If you don’t set up your business as a separate legal entity, you’re be putting your personal assets at risk every time you sign a contract. Business losses should not mean the loss of your home and savings.
An article on Entrepreneur.com just listed five mistakes small businesses often make early on, most of which you can easily prevent with a little planning:
Failing to set up a written founders’ agreement as soon as you decide to work with someone. As the article points out, most of the litigation over who started Facebook could have been avoided if there had been any written agreement at all.
Starting up while working for someone else but not telling them. Even if you didn’t sign a non-compete agreement, don’t get off to a bad start by letting your current employer wonder whether you’re about to take your expertise right to its customers.
Not researching the various business entity types available. If you don’t choose one, your business’s obligations and assets will be mixed up with your own.

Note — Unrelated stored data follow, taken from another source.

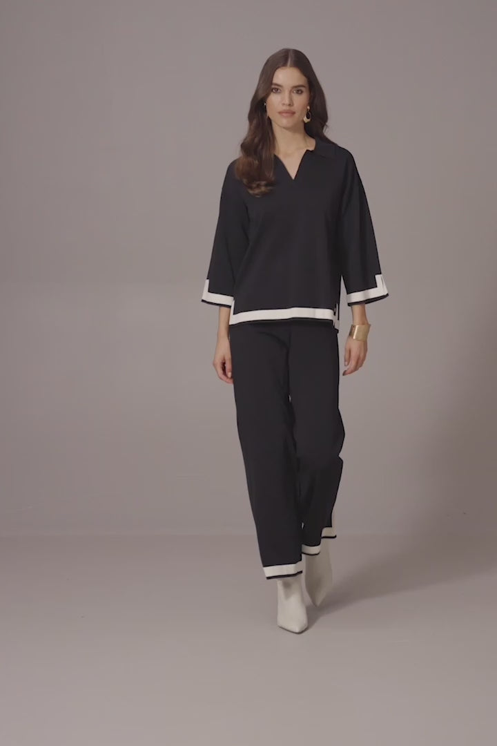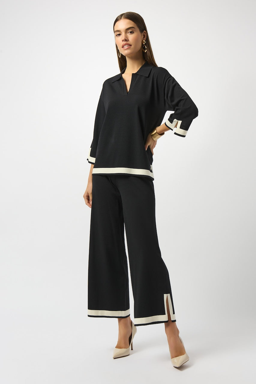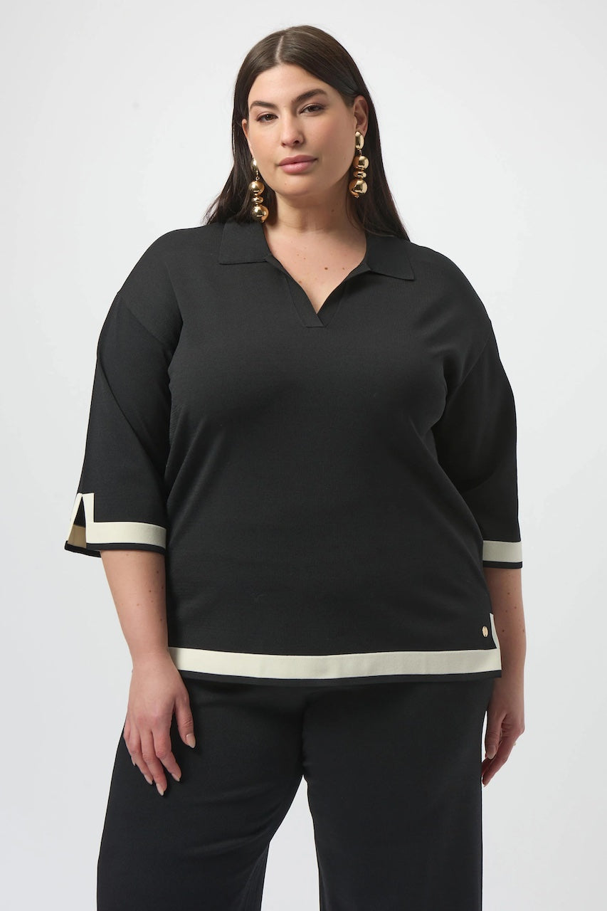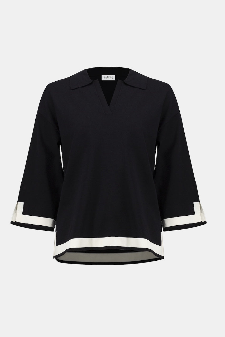 Affirmez votre style avec ce haut en tricot moderne signé Joseph Ribkoff. Conçu dans une silhouette droite flatteuse, il présente un subtil jeu de contraste au bas pour un effet bloc de couleur tout en finesse. Son col polo élégant, son encolure en V et ses manches cloche trois-quarts apportent une touche chic à cette pièce confortable. Un équilibre parfait entre décontraction et raffinement.
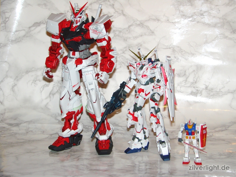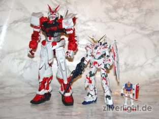 Kein PG-Review ohne Größenvergleich. Links seht ihr den PG Astray (1/60), daneben in der Mitte den MG Unicorn (1/100) und ganz rechts den HCM-Pro RX-78-2 (1/200). Dazu sei gesagt, dass der Unicorn Gundam im gezeigten Destroy Mode einer der größeren Gundams ist. Ich hätte gerne noch einen “normal großen” Gundam im 1/100 Maßstab dazu gestellt, aber alle anderen waren zu der Zeit weniger gut erreichbar für mich.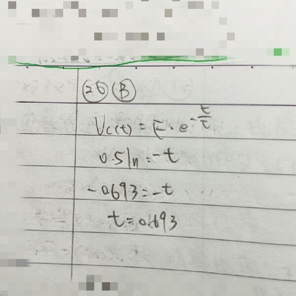 26 RC 串聯電路之電容器放電過程中,經過多少倍的時間常數,電容器電壓將變為初始電壓之 50%?
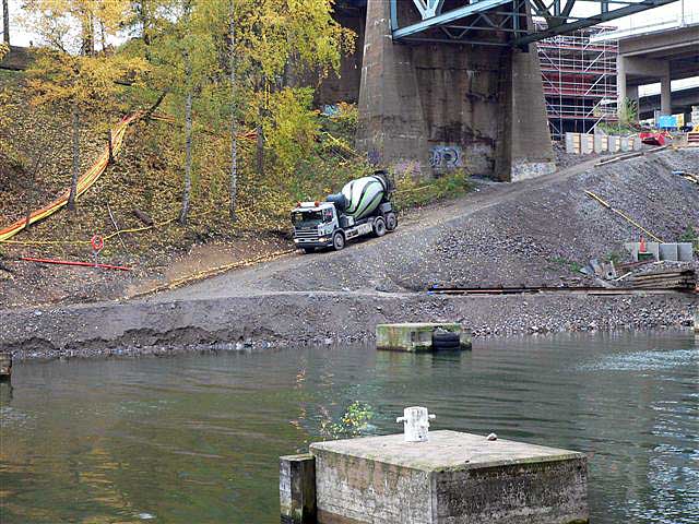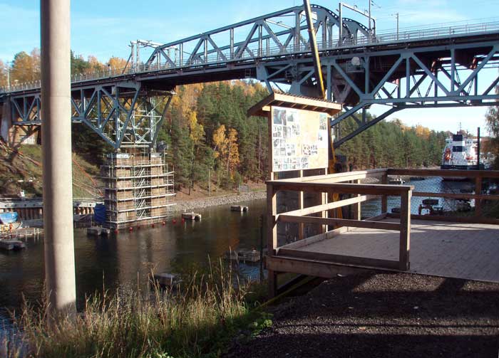På kanalens västra sida finns det en plattform som intresserade kan följa bygget från.

There is no right or wrong choice, but each entity type has different investment, operational and tax rules. Base your choice on your management style, risk tolerance, and understanding of -- and ability to comply with -- a variety of tax and regulatory rules. An attorney experienced in business formation and planning is almost always worth the money here.
Failing to follow through with the legal rules for your entity. For example, you can’t just register a corporation with the secretary of state. There are initial and ongoing legal requirements, such as issuing stock, having shareholder and board of director meetings, and filing annual reports. If you don’t “act like a corporation” and you get sued, the courts won’t protect your personal assets.
Ignoring payroll taxes, including your own. Some small businesspeople forget that the IRS assumes you’re getting a reasonable salary and will tax your business as if you are. Also, resist any temptation to skip payroll taxes in tough times -- the potential for penalties and even criminal charges makes paying these a priority.